The sea rolled on to the beach to break in quiet, gentle wavelets. He glanced unconsciously at the water and an idea came into his mind. He knew it wouldn’t be long before the strengthening wind whipped the wavelets into crashing rollers, and the thought of what he was planning to do made him feel quite cold. He looked back at the German who was completely absorbed in sifting through the contents of the kitbag. Billy knew his chance would not come again; he had to act now. He crawled on his belly from the narrow wedge of shingle on which he had been hiding and slid down the beach into the water without making a sound.
He felt its chill immediately. It took his breath away but he ignored the discomfort and submerged himself completely. Once he was beneath the surface he clawed at the stony bottom to draw his massive frame down. He took care not to move his legs because he was afraid of breaking the surface with a giveaway splash.

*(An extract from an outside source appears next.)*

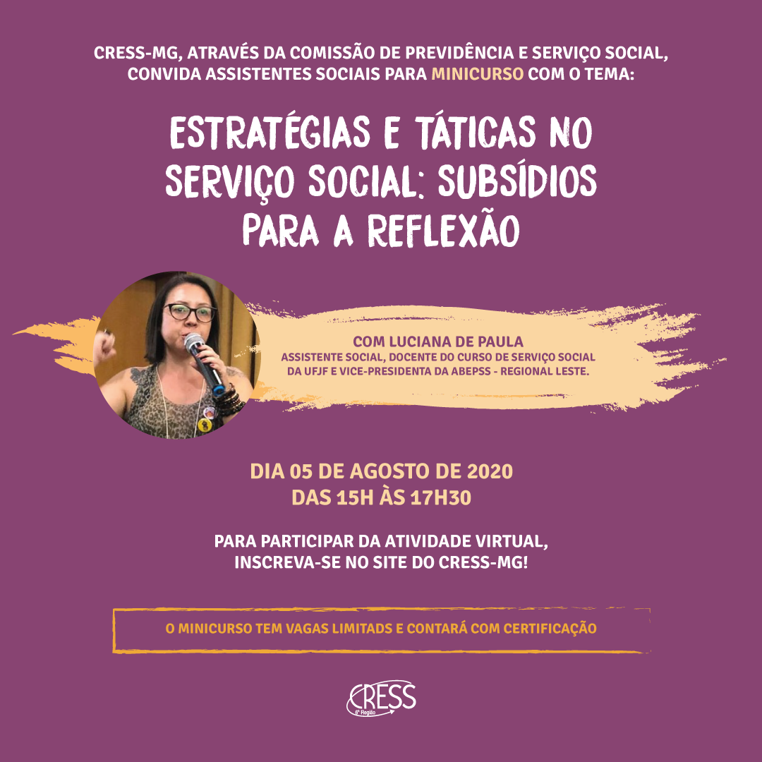 O CRESS-MG, por intermédio da Comissão de Previdência e Serviço Social, promove no dia 05 de agosto, das 15h às 17h30, o minicurso “Estratégias e táticas no Serviço Social: subsídios para a reflexão”.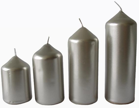 Nezapomeňte prosím dbát na bezpečnost a držte se na svíčce uvedených bezpečnostních piktogramů. Materiál parafín. Balení 4 ks. Průměr svíček je 4 cm. Výška jednotlivých svíček je: 6,5 , 8,5 , 10 a 12 cm. Barva - stříbrná.

He pulled carefully at the stones until he felt his lungs were about to demand air with a force that would draw in vast gulps of water to drown him. He fought down a desperate urge to push hard to the surface, but allowed himself to float.gently upwards. He broke the water without a sound. Turning carefully he was relieved to see he had swum about thirty yards from the beach. He could still make out the figure of the German bent over the kitbag. Closing his legs together and bringing him arms down by his sides, Billy sunk beneath the surface. He swam away from the cove, heading round a small headland to a beach he often visited with his mother. There was a track leading from the beach to his cottage. He swam easily beneath the water, surfacing occasionally to get his bearings. When he had rounded the small headland he swam normally, stroking boldly towards the beach. Although Billy knew he had escaped from the immediate danger he still could not risk being seen, so he left the water as he had entered it, crawling on his belly.
He was about to stand up and let the sea water cascade from his clothing when he saw another figure. This one sat beside what looked like a rubber dinghy. He was about one hundred yards from Billy's position and paying little attention to what was going on around him. His back was half turned and he seemed to be quite content to look anywhere but in Billy's direction. Over his shoulder was slung a machine gun.
By now the rainclouds had almost covered the island and were well into the southern sky. The rain lashed down angled by a rising wind which was beginning to whip the sea into angry, white tops. Billy felt completely wretched. It would have been suicidal to attempt an attack on the armed German. His own physical and mental state precluded it. All he could hope to do now was to reach the sanctuary of his own cottage without being seen. He hauled himself up the cliff path and began the lonely journey to the place he had always known as home.